Your task is to retype, word for word, the lines from the start of the data through the line holding "Step into this". Do not include the pictures.

[[ Dataset extract open ]]

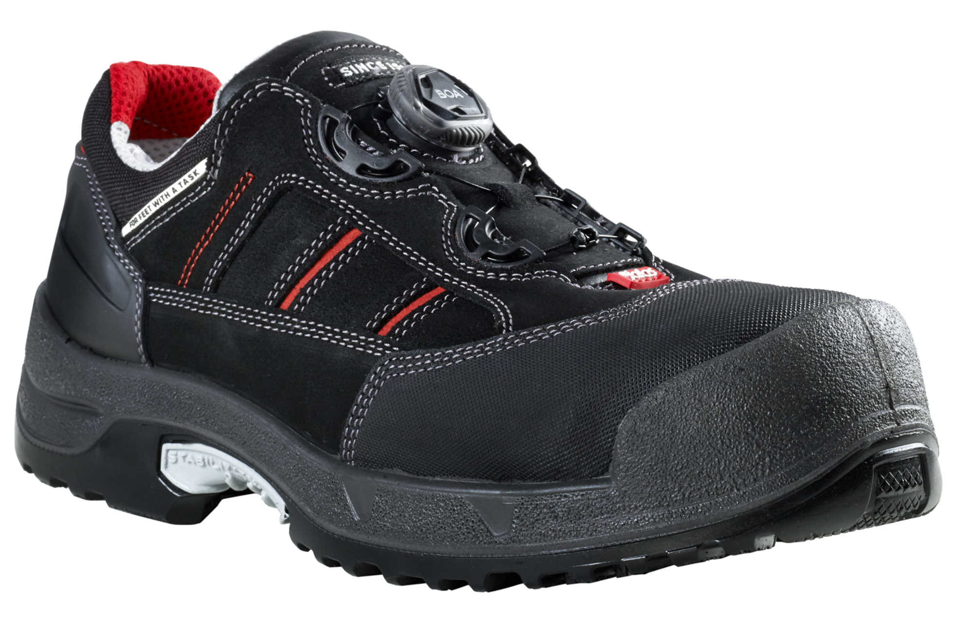 Komfort og beskyttelse i en myk vernesko med unikt BOA® Fit System og overdel i PU-behandlet/spaltet lær. Utmerket ergonomi og antistatiske egenskaper for bedre passform, og innersåle i merinoull holder føttene tørre. RPU-yttersålen er oljebestandig for utmerket grep. Skoen har også JALAS® aluminiumståhette, plasmabehandlet spikertrampbeskyttelse og doble støtdempingssoner i PORON® XRD®. Beskyttelsesklasse (S3).
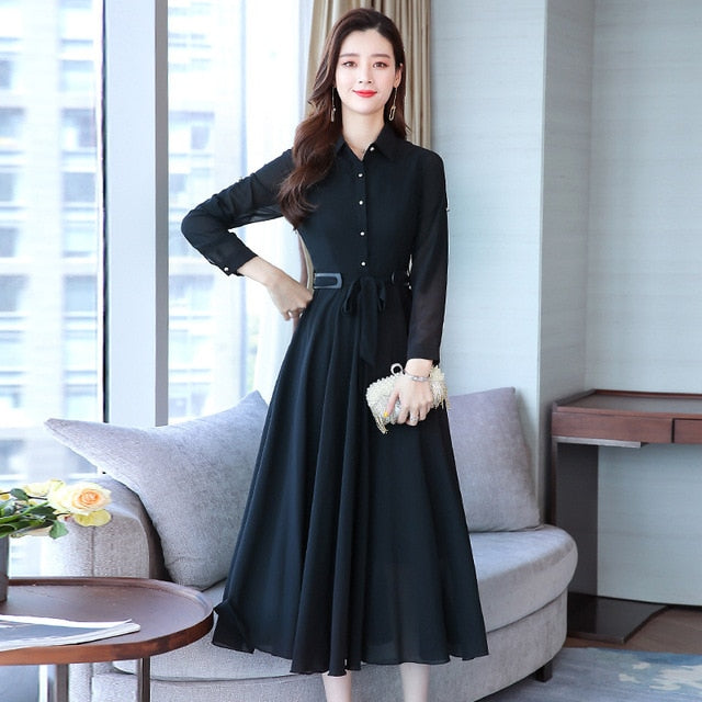 Spring And Autumn New Style Korean-style Slim Fit Slimming Mid-length Women's Dress Long Sleeve Chiffon Dress
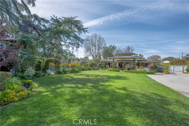 Step into this charming single-story home for lease, featuring 3 bedrooms and 2 baths, a versatile family room that can serve as a private guest suite and a full guest house/Casita at the rear of the property. Expansive rear grass area, covered patio, swimming pool and basketball court are just some of the features of this home. The expansive kitchen boasts sleek granite countertops, a professional-grade range, a dishwasher, garbage disposal, and a large central island. Flowing seamlessly from the kitchen, the dining room opens to a spacious, light-filled living room, with beautiful hardwood floors and large windows that overlook the backyard. On a sprawling 19,000-square-foot lot, the backyard is a true oasis, offering a generous grassy lawn, a fenced pool with a jacuzzi, and lush garden beds featuring orange, apple, pear, pomegranate, and lemon trees, along with a rose garden and vibrant cut-flower landscaping. Additional features include central air and heating, an automatic driveway gate for added privacy, a two-car carport, a fenced vegetable garden, a covered patio, a half-court basketball setup, and a built-in barbecue area—perfect for entertaining. This home is available for a one-year lease! Water gardener and Trash are included. Available April 1st.
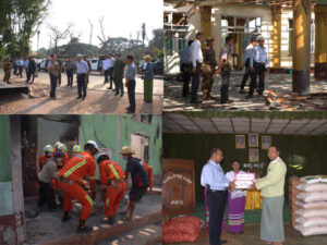 ယခုအခါ ပအိုဝ်းကိုယ်ပိုင်အုပ်ချုပ်ခွင့်ရဒေသ ဆီဆိုင်မြို့ပြန်လည်ထူထောင်ရေးအတွက် ဧပြီ ၂၅ ရက်၊ နံနက် ၈ နာရီခွဲက ရှမ်းပြည်နယ်ဝန်ကြီးချုပ် ဦးအောင်အောင်၊ ပြည်နယ်ဝန်ကြီးများ၊ စစ်ဘက်ဆိုင်ရာ အရာရှိကြီးများ၊ ပြည်နယ်/ခရိုင်/ မြို့နယ်အဆင့် ဌာနဆိုင်ရာများ၊ တာဝန်ရှိသူများနှင့်အတူ ပျက်စီးဆုံးရှုံးသွားသော မြို့ပြနှင့် အိမ်ယာ ဖွံ့ဖြိုးရေးဦးစီးဌာန၊ ဝန်ထမ်းအိမ်ရာများ၊ ဈေးများ၊ ဇဝနာရာမစာသင်တိုက် ဘုန်းတော်ဦးကျောင်း၊ မြို့နယ်ရဲစခန်း၊ မြို့နယ်ပြည်သူ့ဆေးရုံတို့တွင် ဒေသခံပြည်သူများ၊ မီးသတ်တပ်ဖွဲ့ဝင်များတို့မှ သန့်ရှင်းဆောင်ရွက်နေမှုများအား ကွင်းဆင်းကြည့်ရှု၍ လိုအပ်သည်များကို ပြည်နယ်ဝန်ကြီးချုပ်က မှာကြားခဲ့သည်။
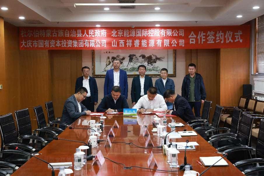 9月28日上午,祥睿能源簽約黑龍江省杜爾伯特蒙古族自治縣人民政府,與北京能源國(guó)際控股有限公司、大慶市國(guó)有資本投資集團(tuán)有限公司共同合作風(fēng)光制氫制航油項(xiàng)目。這個(gè)項(xiàng)目的簽約,標(biāo)志著祥睿能源由綠色數(shù)字、綠色運(yùn)營(yíng)升級(jí)到綠色科技生態(tài)體構(gòu)建和運(yùn)營(yíng)體系的實(shí)現(xiàn)。杜爾伯特蒙古族自治縣縣委書(shū)記張劍、黑龍江省大慶市商務(wù)局局長(zhǎng)董輝、杜爾伯特蒙古族自治縣副縣長(zhǎng)田偉,大慶國(guó)投集團(tuán)黨委委員、副總經(jīng)理王世江,北京能源國(guó)際控股有限公司東北公司總經(jīng)理侯坤、總監(jiān)張紅喬,祥睿能源董事長(zhǎng)王正通及黑龍江祥睿總經(jīng)理?xiàng)钫疾?、副總?jīng)理李殿順等有關(guān)領(lǐng)導(dǎo)和人員出席簽約儀式。在簽約儀式上,杜蒙縣副縣長(zhǎng)田偉介紹了參會(huì)來(lái)賓并宣布“風(fēng)光制氫制航油項(xiàng)目簽約儀式”正式開(kāi)始。
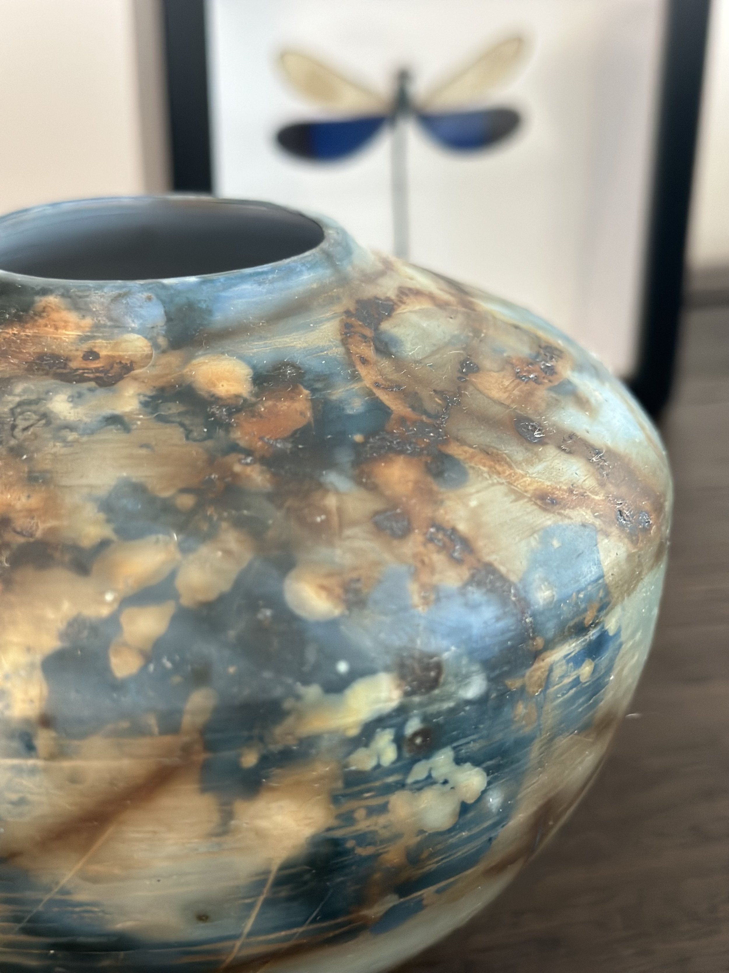 Another beautiful piece of pottery, this one adorned with the colors of the Pacific Ocean. The dragonfly in the background nods to my company's logo and brings back memories of my trips worldwide. I bought this lovely piece in Australia.
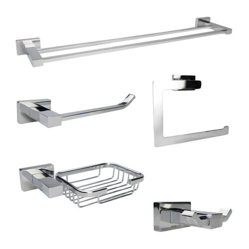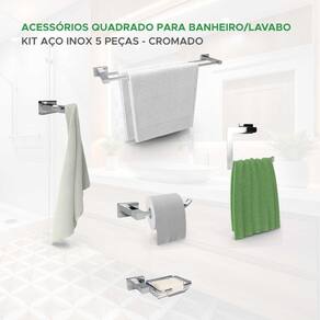 Itens inclusos: - 1x Porta toalha de banho duplo - 1x Cabide - 1x Porta papel higiênico - 1x Gancho multiúso - 1x Saboneteira - Kit Parafusos e buchas para instalação
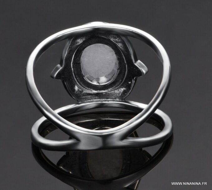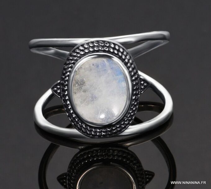 Vous allez être séduit par jolie Bague pierre de lune véritable et argent 925 femme composée d’un cabochon de forme ovale en pierre de lune blanche montés sur un double anneau en Argent 925 massif qui enlacera votre doigt avec force et délicatesse. Cette bague élégante en Pierre de Lune accompagnera avec harmonie toutes vos tenues dans n’importe quelle occasion et offrira à votre main charme et originalité. A porter seule ou à mixer avec d’autres Bagues en Argent Ninanina.
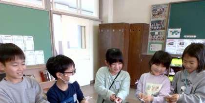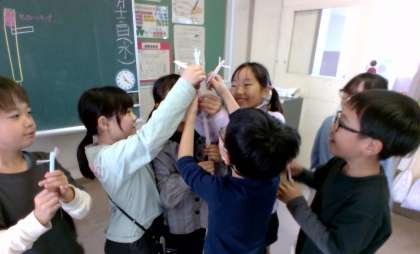 ストローで動く仕組みを作りました。縦に並べたり、矢印にしたりしながら、みんなで動きや形を楽しみました。そして、思い付いた飾りを貼り付け、人や魚に変身させました。
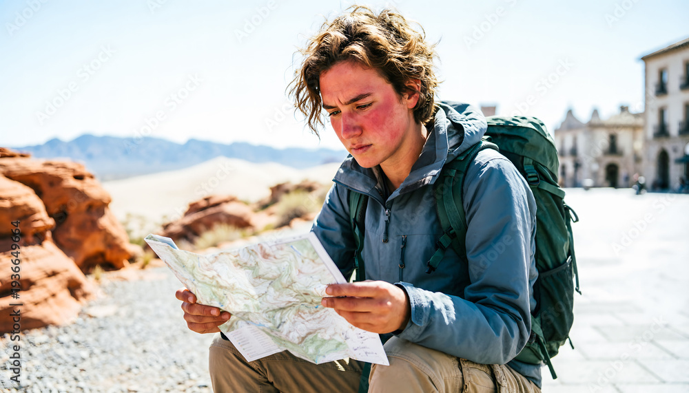 Young solo backpacker intensely studying a map while exploring a new city on a sunny day. #1936649664
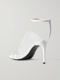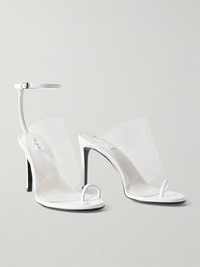 Presented at the Solomon R. Guggenheim Museum, Alaia’s Spring '25 collection is inspired by the spirit of New York and the world of sculptural art. These asymmetric sandals are made from glossy patent-leather with clear PVC straps across the middle and slender stiletto heels. Size & Fit - Fits true to size, take your normal size - Only available in full sizes, go up to the nearest whole size if you take a half size - Those with wide feet may wish to take the next size up - Italian sizing Details & Care - White patent-leather (Calf), clear PVC - Buckle-fastening ankle strap
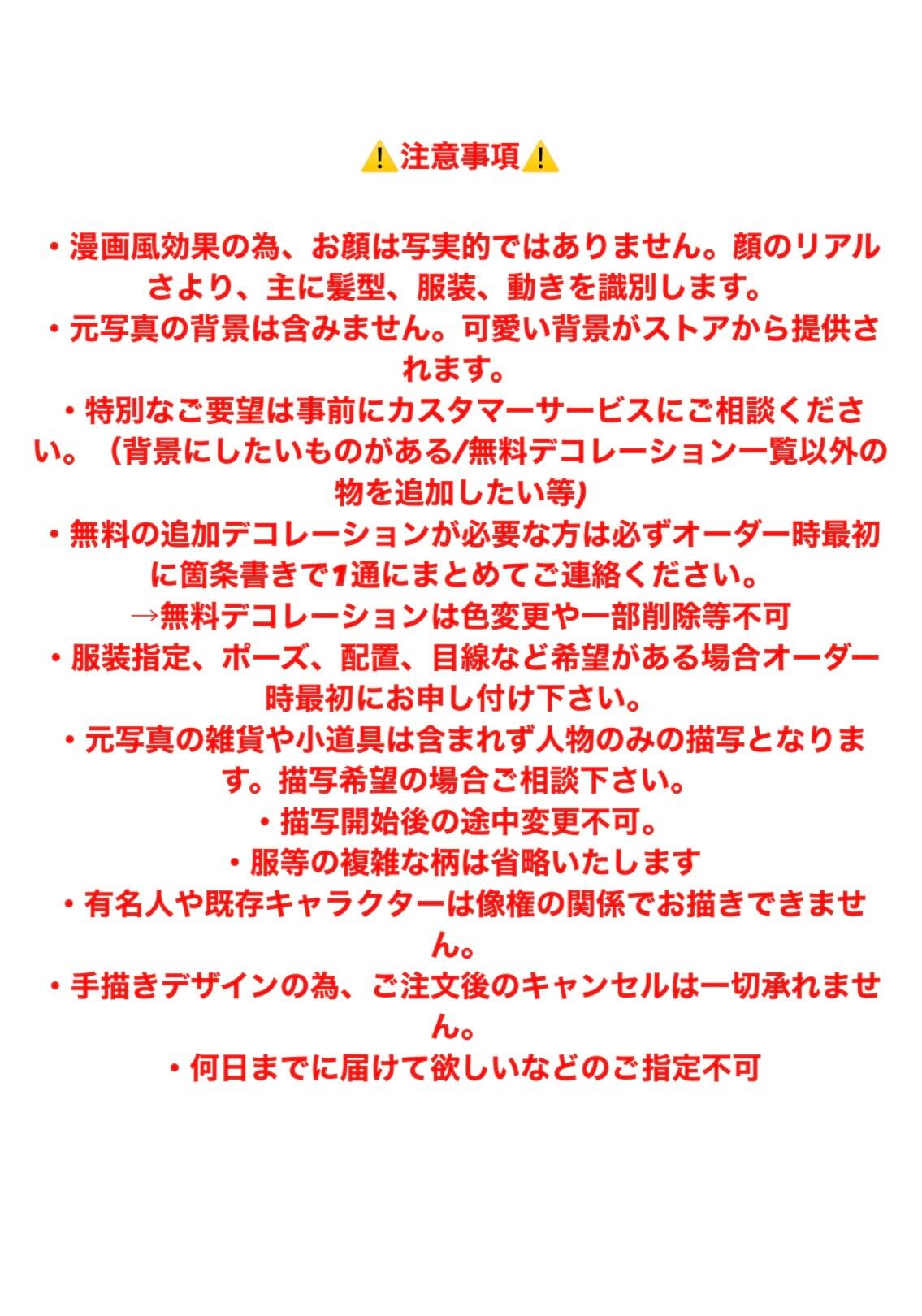 ・イラストは公式SNSにてご紹介させて頂く場合がございます。基本的にSNSご掲載不可のご注文は承っておらず、掲載可能な方のみご注文を承っております。ご都合によりどうしてもご掲載不可にてオーダーご希望の場合、ご連絡下さいませ。※別途掲載不可料が発生致します。
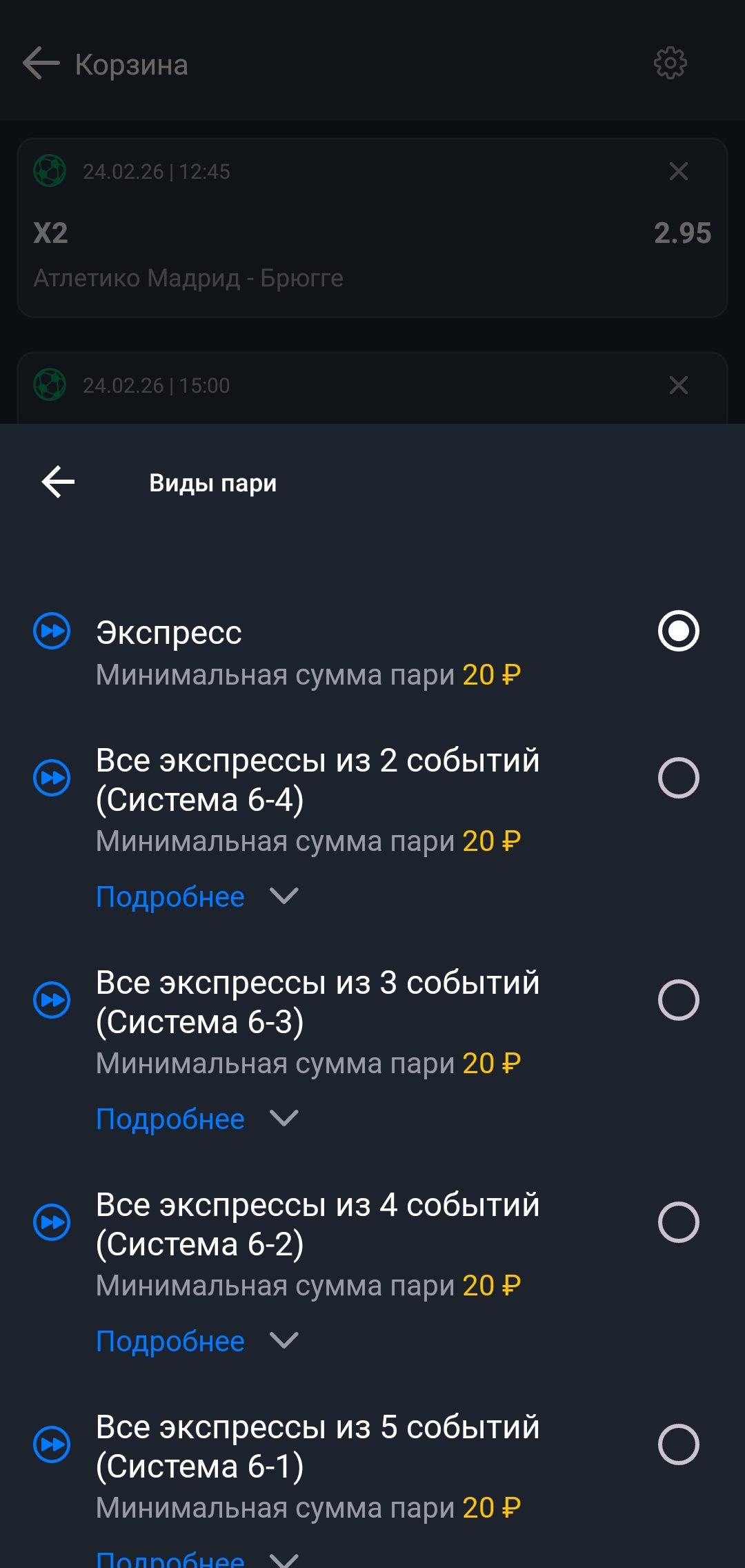 Все экспрессы из N событий - ставка, также называемая "система". Это пари на все возможные комбинации экспрессов из выбранных 3–16 событий (до 12 870 вариантов). Выигрыш равен сумме выигрышей всех включённых экспрессов.

[[ Dataset extract closed ]]

**Output of the task**
 Komfort og beskyttelse i en myk vernesko med unikt BOA® Fit System og overdel i PU-behandlet/spaltet lær. Utmerket ergonomi og antistatiske egenskaper for bedre passform, og innersåle i merinoull holder føttene tørre. RPU-yttersålen er oljebestandig for utmerket grep. Skoen har også JALAS® aluminiumståhette, plasmabehandlet spikertrampbeskyttelse og doble støtdempingssoner i PORON® XRD®. Beskyttelsesklasse (S3).
 Spring And Autumn New Style Korean-style Slim Fit Slimming Mid-length Women's Dress Long Sleeve Chiffon Dress
 Step into this charming single-story home for lease, featuring 3 bedrooms and 2 baths, a versatile family room that can serve as a private guest suite and a full guest house/Casita at the rear of the property. Expansive rear grass area, covered patio, swimming pool and basketball court are just some of the features of this home. The expansive kitchen boasts sleek granite countertops, a professional-grade range, a dishwasher, garbage disposal, and a large central island. Flowing seamlessly from the kitchen, the dining room opens to a spacious, light-filled living room, with beautiful hardwood floors and large windows that overlook the backyard. On a sprawling 19,000-square-foot lot, the backyard is a true oasis, offering a generous grassy lawn, a fenced pool with a jacuzzi, and lush garden beds featuring orange, apple, pear, pomegranate, and lemon trees, along with a rose garden and vibrant cut-flower landscaping. Additional features include central air and heating, an automatic driveway gate for added privacy, a two-car carport, a fenced vegetable garden, a covered patio, a half-court basketball setup, and a built-in barbecue area—perfect for entertaining. This home is available for a one-year lease! Water gardener and Trash are included. Available April 1st.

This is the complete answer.